Holy crap. IBM really knows how to negotiate support contracts...

For reference: The z9 maxes out at 512G RAM and 54 CPUs. In a slightly apples/oranges-comparison you could buy the equivalent in pizza-boxes every month using just the above support-fee. With spare change.



And then there were the software licences and cost to develop software.

As a rule of thumb you could calculate those like: PC (1) - minis like e.g. AS400 (multiply by 10-50) - mainframe (multiply by 100+).

For example in the early days of MS there was an MS Excel running on IBM mainframes - US$200K per license and per year.

To top that when IBM, DEC e.a. where among the few providing such computing power (into the 1980s) and those companies that required such bang on a broad scale - banks, insurances, research institutions but particular banks with their need for many workstations as well - IBM did framework contracts forcing their mainframe customers to also buy their PCs as workstations often for many years.

That was one of the reasons why you found all those very expensive IBM PCs in banks - tens of thousand in each of the larger banks - while you could already buy no-name PCs for a fraction of the price. (A fully equipped PS/2 could easily cost the price of a small car and for development machines you could get up to a Mercedes S-class entry level price - by now prices of the PCs dropped to a fraction while the prices of the cars multiplied by 3-5)
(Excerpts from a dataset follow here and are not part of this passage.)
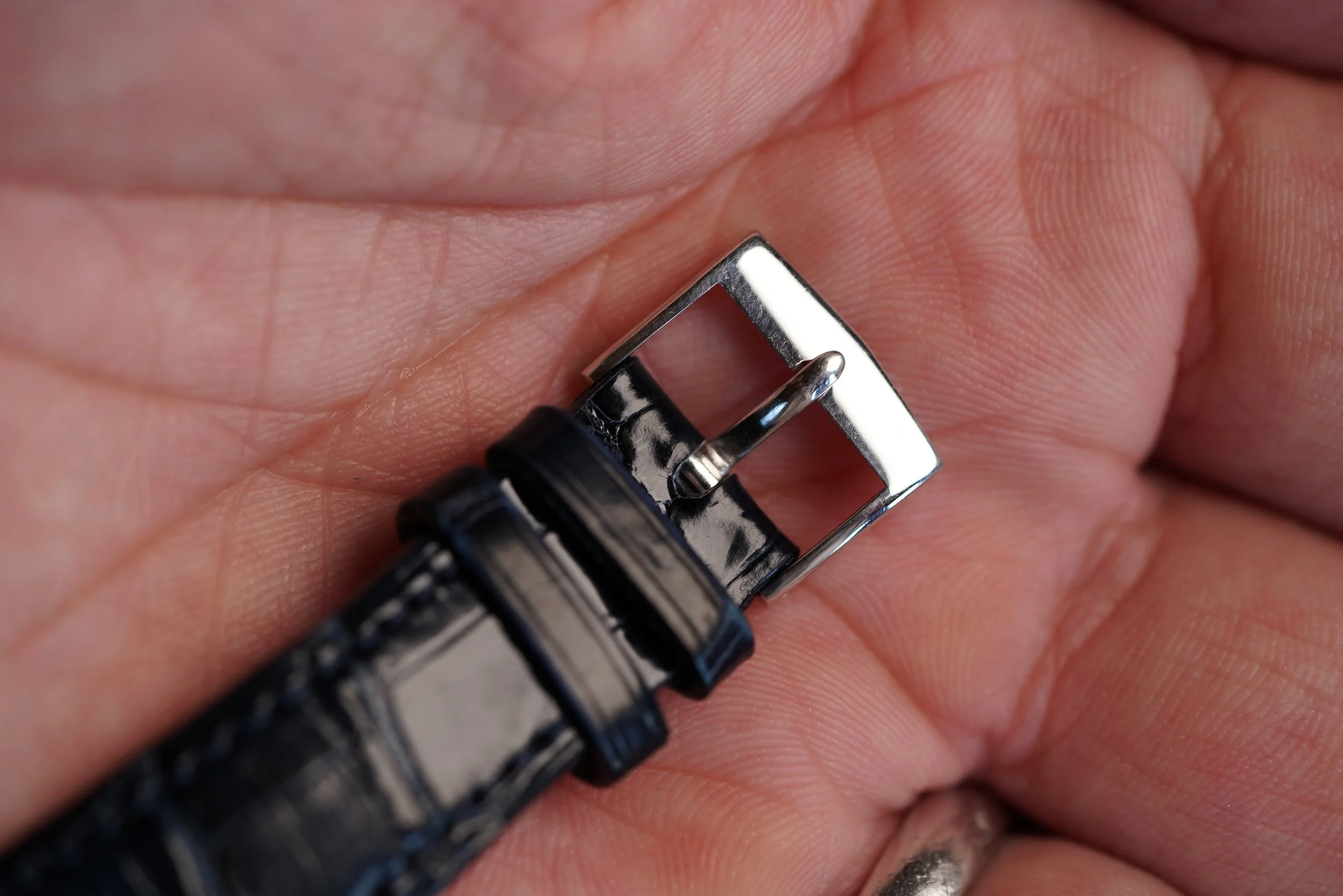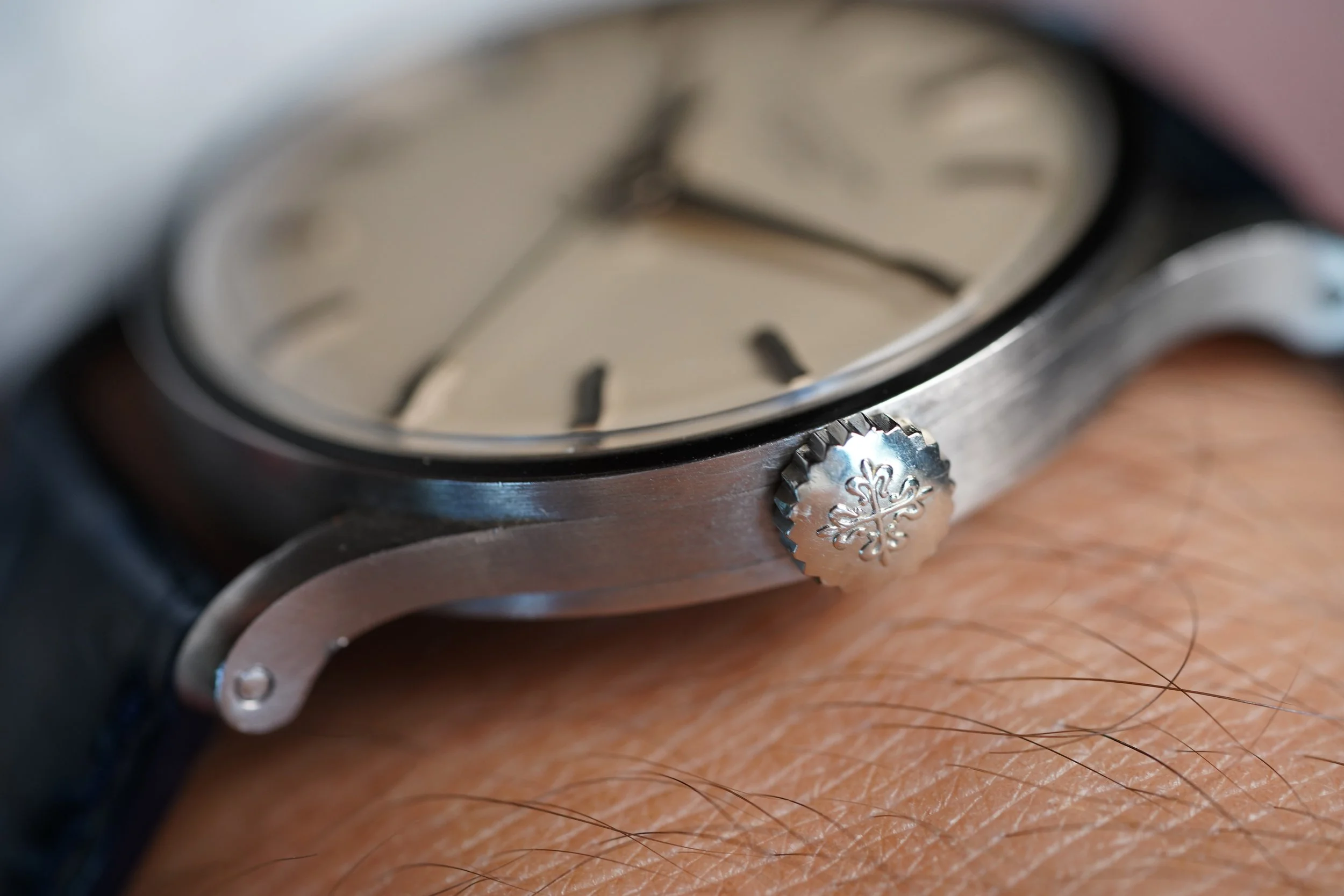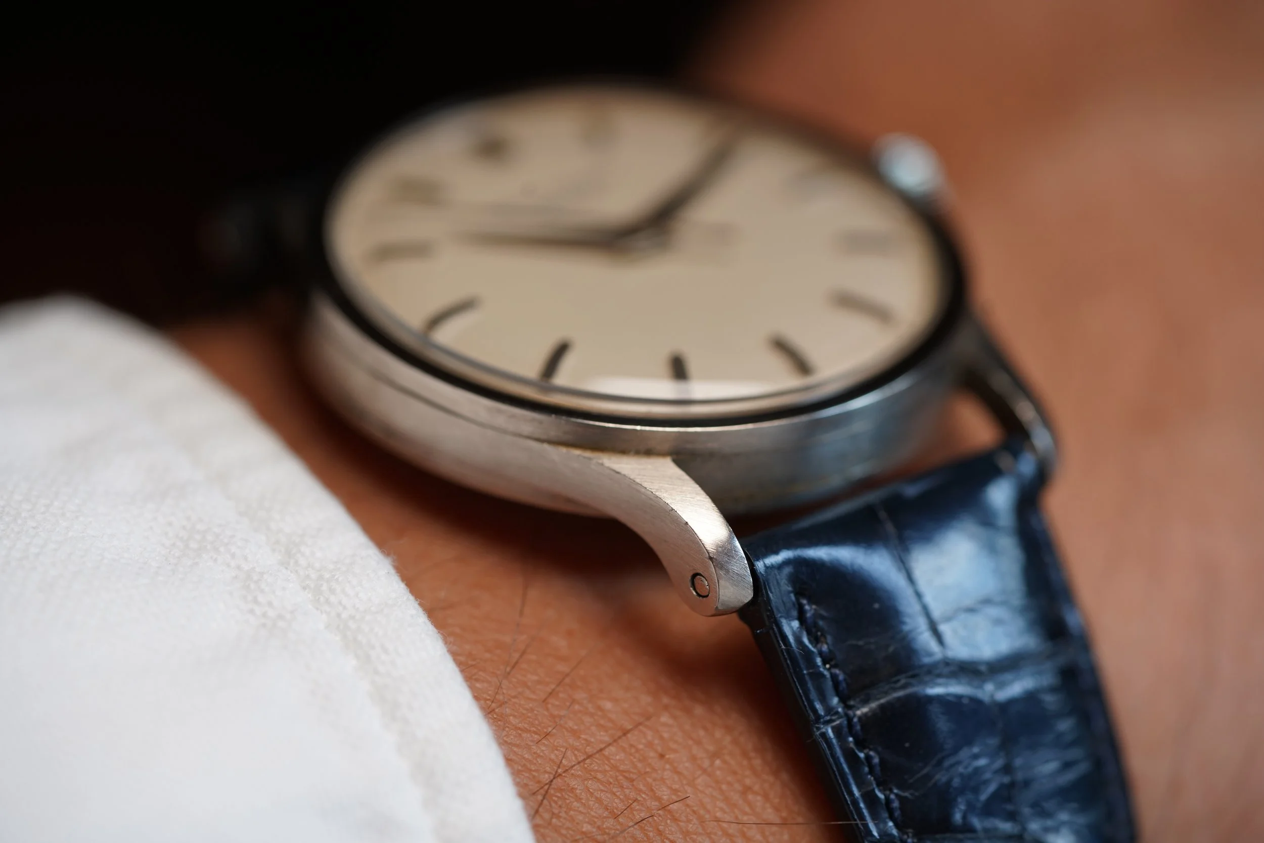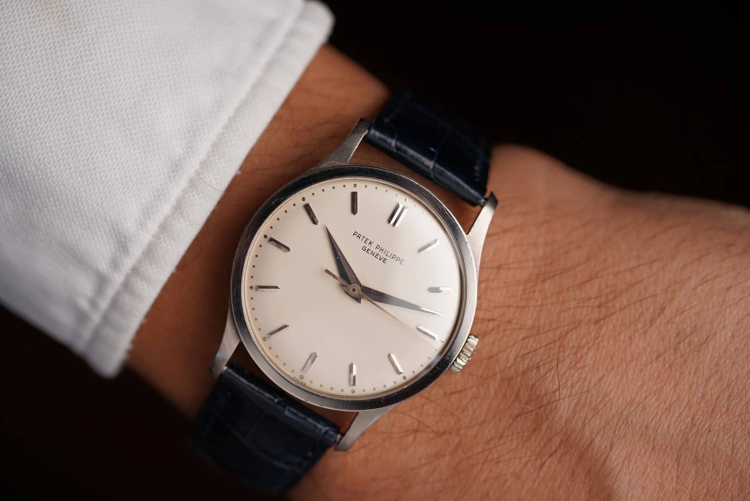 The Patek Philippe reference 570 is one of the most refined and sought-after dress watches. It is an iconic model within the Calatrava family. This specific watch is a reference 570 is one of the most beautiful examples. The white gold case is exceptional and appears to be unpolished. It is 35mm in diameter and paired on a Patek Philippe strap with a vintage white gold Patek buckle. It features applied-dauphine hour markers. Super collector Michael Stockton has an incredible example like this. Worship him when you see him!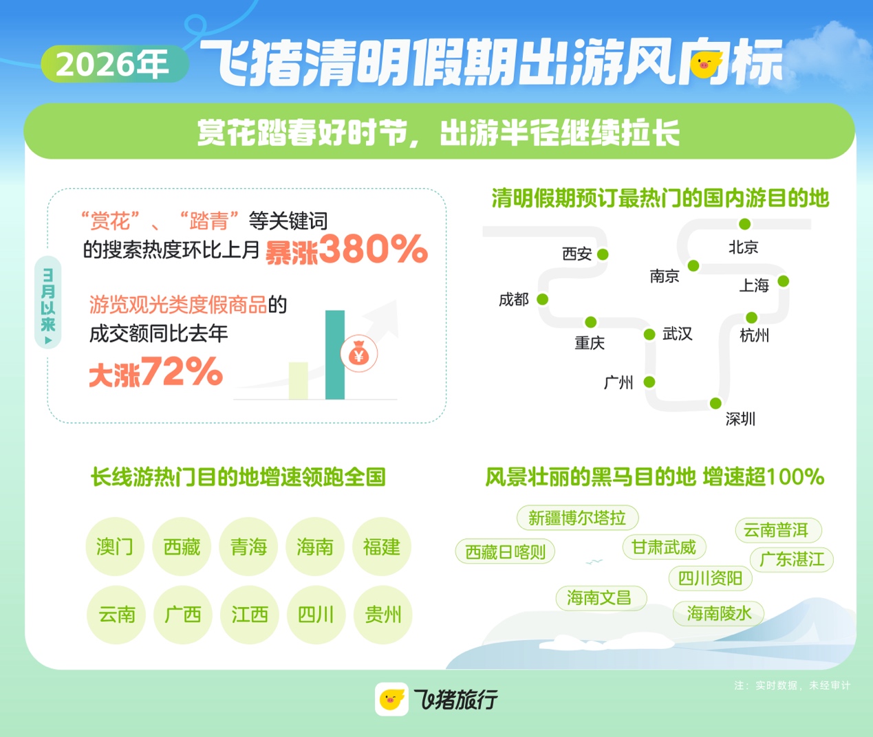 临近清明假期,旅游预订迎来春季高峰。3月26日,飞猪发布《2026清明假期出游风向标》,报告显示,截至目前飞猪清明假期旅游预订量较去年同期强劲增长。其中,国内酒店预订间夜量同比增长约40%,国内景区门票的预订票张数同比增长超70%。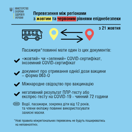 З 21 жовтня набувають чинності нові правила міжрегіональних перевезень на жовтому та червоному рівнях епіднебпезки.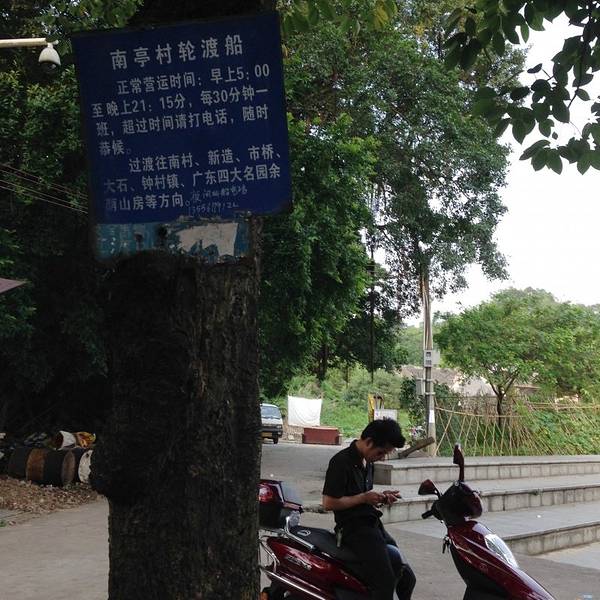轮渡:从番禺南村旧市头村码头座船到南亭村渡口费用是1块一个人,自行车1一块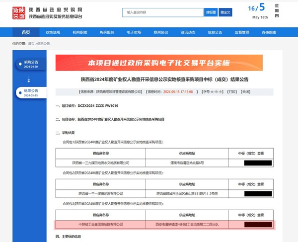 中标喜讯!中陕核工业集团测绘院有限公司成功中标“陕西省2024年度矿业权人勘查开采信息公示实地核查采购项目”3标段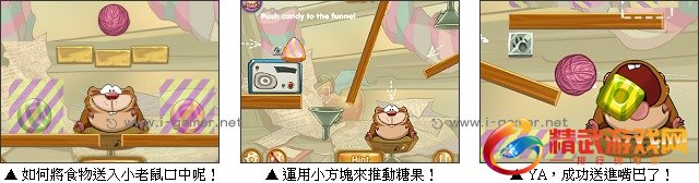 谁偷了我的糖果?爱吃甜食的小老鼠要来吃遍所有糖果啦,快来帮助牠,利用小方块将糖果推到老鼠嘴边就能顺利过关啰。有些地方小方块是不能通行的,得必须巧妙运用场景上道具的辅助才能顺利突破喔。赶紧来挑战,帮小老鼠收集糖果吧!

An interesting example of how monopolies / oligopolies are created / kept alive / and it still takes many years in markets moving as fast as the IT industry until they die or loose the grip on their customers.


But then you'd have to reinvent mainframe reliability and IO capacity out of commodity hardware and software.

I'm not saying it's impossible. It's just hard. Maybe even US$ 700,000 hard ;-)


... And then spend the same again on fabric to support that much I/O. Supercomputers/clusters for compute, mainframes for IOPS.


"A supercomputer is way to turn a CPU bound problem into an IO bound problem" as the saying goes.


Well, sort of. That's why I said apples/oranges. Thing is, for that kind of money even a nice FC/IB-fabric is in the budget - perhaps only every 2 months then.

Of course there are latency tradeoffs, no idea what the z9 was used for. But no matter how you spin it, $700k/yr is one hell of a TCO for a piece of hardware that is almost 10 years old.


The z9 is about 6 years old at this point. At the time 512Gb RAM in pizza boxes simply didn't exist.